E como você administra o com a maternidade, o casamento e a rotina da casa?
Fazendo escolhas. Estamos juntos há 20 anos. Quando o Rodrigo e eu começamos, entendi que não poderíamos nos dedicar de forma igual às nossas profissões pois alguém tinha que ceder para termos a família que queríamos. Deixei a minha carreira em segundo plano e não me arrependo. Nesses 20 anos, aconteceram tantas coisas em nossa vida. Só voltei a trabalhar quando a Maria fez 2 anos. A prioridade sempre foi cuidar da minha familia. Hoje, gravo uma vez por semana, saio de manhã e volto no fim da tarde. Elas estão maiores, então, já é mais fácil. Mesmo assim, conto com a ajuda de uma babá que trabalhava lá em casa há anos. Um motorista nos ajuda com as atividades das três e nossas mães também ajudam quando vamos para eventos durante a semana, por exemplo. No fim de semana, também temos ajuda. Mesmo com horários flexíveis, a demanda de três é mais complexa, porque elas estão em fases diferentes da vida. Também tenho a sorte de ter um marido que ama decoração, sabe comprar lençol, coisas para a casa (risos). Vamos administrando juntos.

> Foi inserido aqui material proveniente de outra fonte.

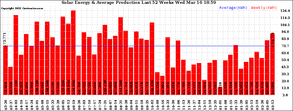 20220316 Weekly Solar Energy Production Last 52 Weeks

Como vocês lidam com as brigas de irmãs?
A Clara já é maior. Maria e Helena brincam muito, mas brigam também. Tenho mania de tentar proteger a menor. Acabo dizendo: “Deixa ela, gente. É pequena”. Não é uma coisa legal de se fazer e o Rodrigo me ajuda muito com isso. Ele fala com as três de forma igual, explica para a caçula que vai chegar a vez dela na brincadeira, que já é a hora de emprestar para a irmã – e ela entende! Comigo, ela já chora e diz que bateram nela, mas não derrama nenhuma lágrima sabe (risos)? Quando decidi tirar a chupeta, por exemplo, a Helena me disse que nunca mais ia dormir na vida e eu devolvi na hora (risos). Quando decidimos tirar novamente, o Rodrigo ajudou muito. Foram três noites de choro terríveis. Admiro a maneira como ele faz, porque, às vezes, sozinha, eu não consigo.

Como vai ser comemorado o Natal na casa de vocês?
O Natal para nossa família é um momento especial. Geralmente, estão as avós (os avôs são falecidos), tios, tias e primas. Natal com crianças fica mais especial ainda. Para os menores, que ainda acreditam em Papai Noel, fazemos muitas surpresas. Uma vez, deixamos uma bota preta na sala e a Clara acreditou que, na correria, o Papai Noel havia perdido. Incentivo as meninas a fazerem cartinhas com seus pedidos. Neste ano,  me surpreendi quando a Maria disse que o mais importante para ela era o amor que o pai e as irmãs lhe davam e que isso era melhor do qualquer brinquedo. Fiquei tão emocionada! No dia 25, almoçamos todos juntos. Adoro preparar a mesa e as meninas me ajudam na decoração.

Que conselho da sua mãe você usa na educação das meninas?
Quando fui para o Japão trabalhar como modelo, eu tinha 17 anos. Minha mãe sempre confiou em mim e me incentivou a tomar decisões com base na minha educação e na vontade própria e não na influência de amigas. Ensino isso para as minhas filhas, a fazer o que o coração delas querem e não o que as amigas fazem. As crianças estão com pressa de crescer hoje em dia. Não é vergonha nenhuma brincar de boneca. Você tem que fazer o que você tem vontade, do seu jeito e no seu tempo. Tudo tem sua hora. Eu explico a importância de não precipitar as coisas.